Rebuilding the pier at another location might have been resetting Flagler’s beaches elsewhere. It’s why I thought the incompetence of the Alfin era was going to result in this mess. Maybe the pier would’ve been better served further North, where they could carve out enough for parking & a pier. I still have reservations about the pier remaining where it is. They had issues with the structure closest to the dunes & A1A. My gut feel is the core of the original pier that is the Funky Pelican will still be the weakest part of the new pier for the issues it had. Blending the original pier with the relative new “super pier”. Here’s the genius of the new pier ? Build a pier next to it to rebuild the original pier ? Then dismantle that temporary pier to demolish the old pier ? Why not just build a new pier there & demolish the original one in it’s entirety ? If they have o have a A-Frame structure, build a new one there rather than remodel the one from the 20th century ?
JimboXYZ says
Here’s another concept for a bike in & out of Flagler Beach ? Since ebikes are all the rage these days ? An ebike has the range to make a day of it and not require anyone to even pedal, but one has to be coordinated enough to ride an ebike, which most likely leaves the handicapped & elderly from enjoying the beach for 2 wheeled commuters ? That’s even been a problem in Daytona, whether the beach was accessible for the handicapped ? Volusia County residents have free access to the beach there, which was a reversal & departure for +/- 30 years of Volusia County beach passes that increased in price for passes.
James says
“… Growing Resentment Toward Palm Coast and County. …”
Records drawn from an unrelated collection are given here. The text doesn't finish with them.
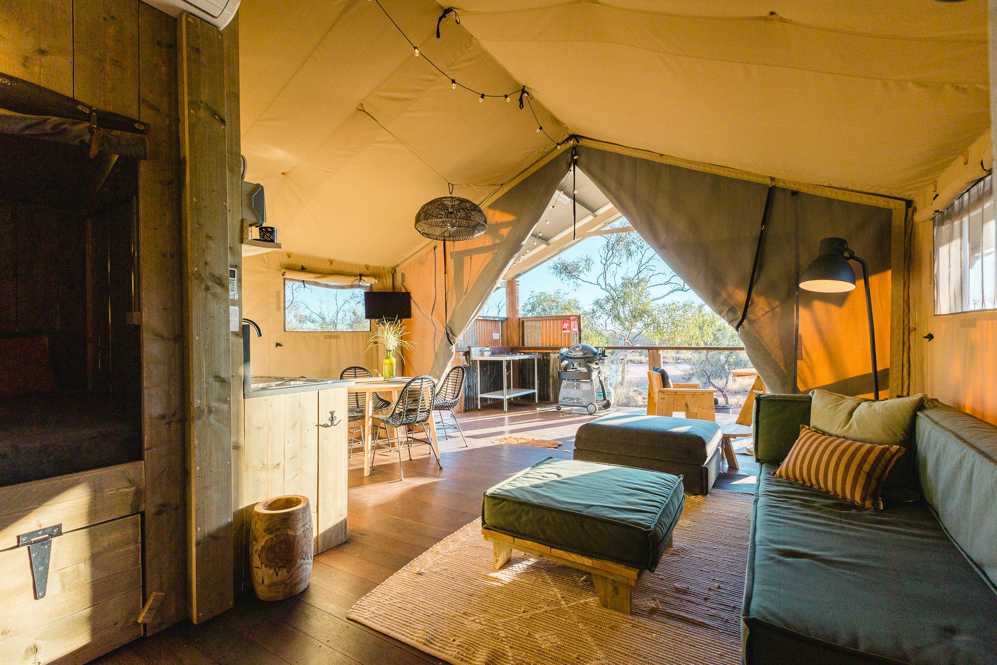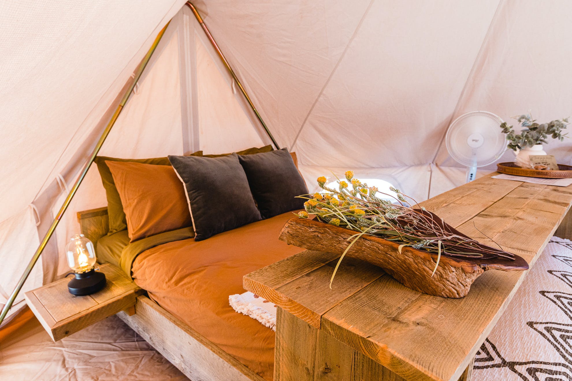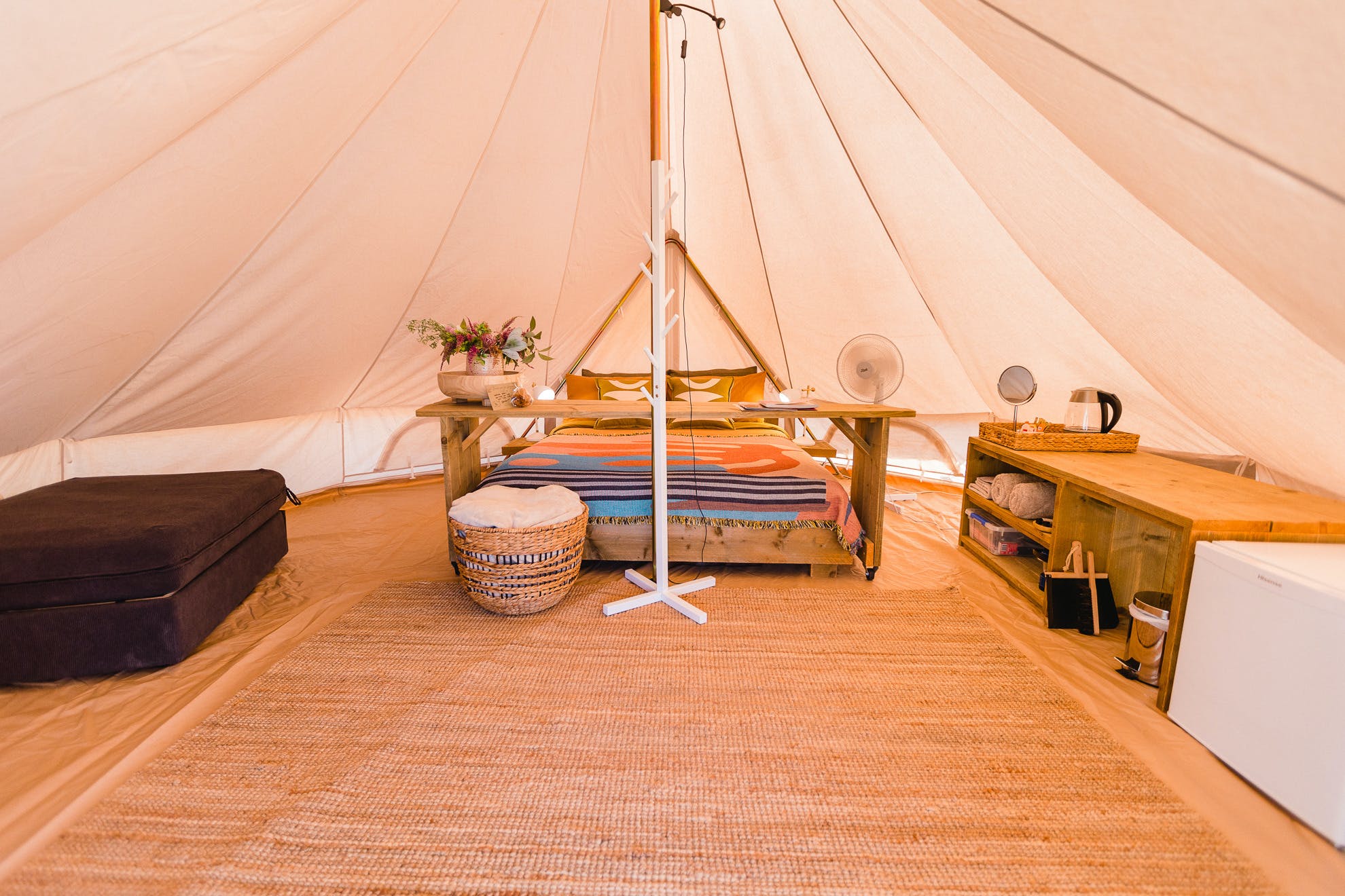 Outback glamping is taken to the next level in the bell tents; Little Wren and Willy Wag Tail. The perfect option for those keen to try camping, but without sacrificing comfort and little luxuries such as a cosy queen bed with soft, stylish linen. The tasteful bell tents have the camping bits you need, with an essentials box filled with plates, cutlery, glasses and even an electric kettle. The bell tents have access to communal showers and toilets - perfect for an outdoor shower under the stars. It's camping made glamourous. Guests have access to a communal kitchen space. No pets allowed.
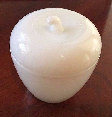 Title (ebay affiliate link): Vintage Hazel Atlas Apple Shaped Jelly Jam Jar White Milk Glass Trinket Sugar
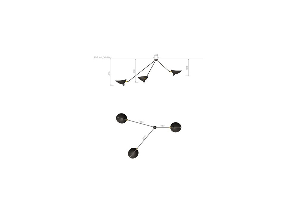 Spider von Serge Mouille entworfen, ist eine wandleuchte, die das alte model aus 1955 neu aufstellt. Lampe: E27 3x42W alogene (inklusive).

Can’t blame them there, who doesn’t have a growing resentment towards Palm Coast… I do, every time I open my water bill.
But that’s where the empathy ends. Sorry Flagler Beach, but you pretty much banned bicycles from your little piece of paradise… so go fish (for) yourself.
Seen the beach, seen the pier (in better, friendlier days), even seen the fireworks on the fourth (which was indeed good, but again, those were different times). Knew the meters were coming, tickets for biking, not so much.
Just say’n… you can keep it.
You need me I do not need you says
Flagler Beach should be real careful about making Palm Coast their enemy. In case they are unaware, you need patrons to make money.
Bob Sea says
Seems to me there were successful businesses in FB 10/15/20 years ago, b4 Palm Coast exploded and became the source of overpopulation problems in FB.
Sure some restaurants may suffer without PC customers, but again quality of life for residents should take precedence.
paid parking my keester says
In 2007 the vast majority of flagler beach – including land along A1A – was derelict, OLD smoky bars, vacant buildings or empty lots for sale or foreclosure, and just an old beach town with a working pier and a video rental store. It only became a commercial success in its own inflicted rise over the last 5 years or so, and now they seem to be forgetting that old sleepy beach town with zero tourism income used only for fishing – where they came from. Don’t blame your development on me, thank you. Palm Coast has nothing to do with your margaritaville, lol. Enjoy that return to that derelict tumble weed foreclosed town of yester year.
Lorie Robinson says
So the Atlantic Ocean should be private?
Linda Morgan says
I don’t think anyone wants to make an enemy out of Palm Coast. I have family and friends that live there! I also go to hair salons, dine, shop and go to doctors in PC.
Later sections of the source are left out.